[DATA TO PROCESS]

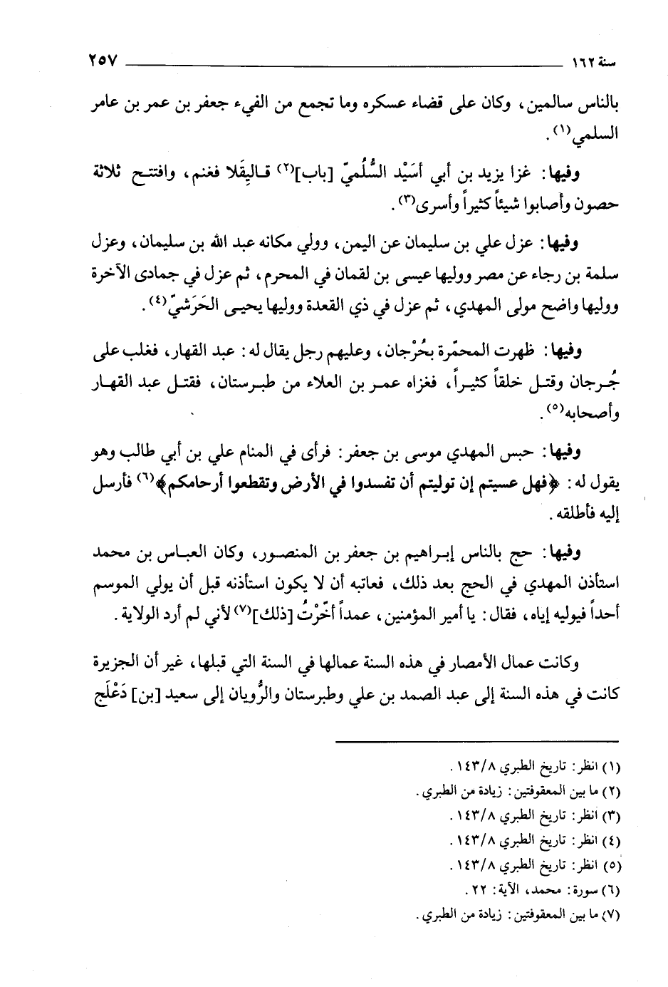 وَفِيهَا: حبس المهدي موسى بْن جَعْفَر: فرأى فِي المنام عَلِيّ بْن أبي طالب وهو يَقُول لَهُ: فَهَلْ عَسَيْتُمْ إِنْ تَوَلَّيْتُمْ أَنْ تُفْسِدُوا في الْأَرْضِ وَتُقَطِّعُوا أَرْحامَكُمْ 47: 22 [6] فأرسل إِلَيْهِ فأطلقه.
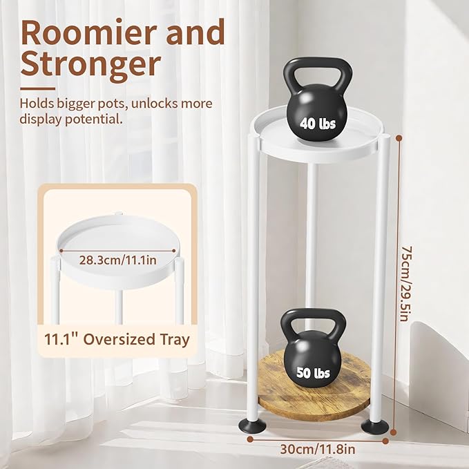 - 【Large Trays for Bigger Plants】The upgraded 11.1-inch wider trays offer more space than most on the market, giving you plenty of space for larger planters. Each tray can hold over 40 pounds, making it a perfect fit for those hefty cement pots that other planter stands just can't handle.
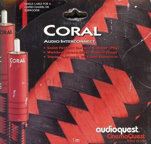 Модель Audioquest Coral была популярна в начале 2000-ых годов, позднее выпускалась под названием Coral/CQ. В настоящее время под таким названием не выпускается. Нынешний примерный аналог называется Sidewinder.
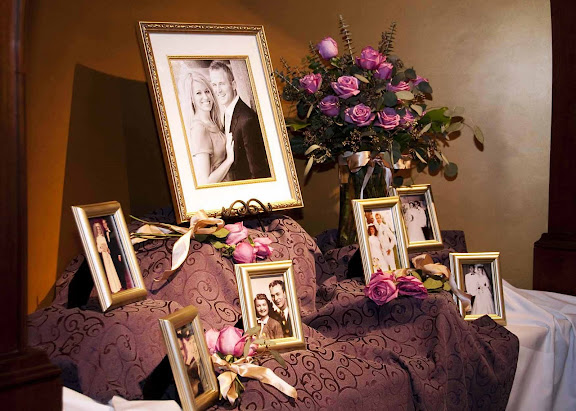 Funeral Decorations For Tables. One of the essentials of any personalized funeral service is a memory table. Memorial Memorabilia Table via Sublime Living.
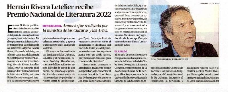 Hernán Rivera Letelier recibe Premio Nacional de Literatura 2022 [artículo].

[EXERCISE AIM] Transcribe each line of the material above verbatim, but do not include the images.

[EXERCISE RESULT]
 وَفِيهَا: حبس المهدي موسى بْن جَعْفَر: فرأى فِي المنام عَلِيّ بْن أبي طالب وهو يَقُول لَهُ: فَهَلْ عَسَيْتُمْ إِنْ تَوَلَّيْتُمْ أَنْ تُفْسِدُوا في الْأَرْضِ وَتُقَطِّعُوا أَرْحامَكُمْ 47: 22 [6] فأرسل إِلَيْهِ فأطلقه.
 - 【Large Trays for Bigger Plants】The upgraded 11.1-inch wider trays offer more space than most on the market, giving you plenty of space for larger planters. Each tray can hold over 40 pounds, making it a perfect fit for those hefty cement pots that other planter stands just can't handle.
 Модель Audioquest Coral была популярна в начале 2000-ых годов, позднее выпускалась под названием Coral/CQ. В настоящее время под таким названием не выпускается. Нынешний примерный аналог называется Sidewinder.
 Funeral Decorations For Tables. One of the essentials of any personalized funeral service is a memory table. Memorial Memorabilia Table via Sublime Living.
 Hernán Rivera Letelier recibe Premio Nacional de Literatura 2022 [artículo].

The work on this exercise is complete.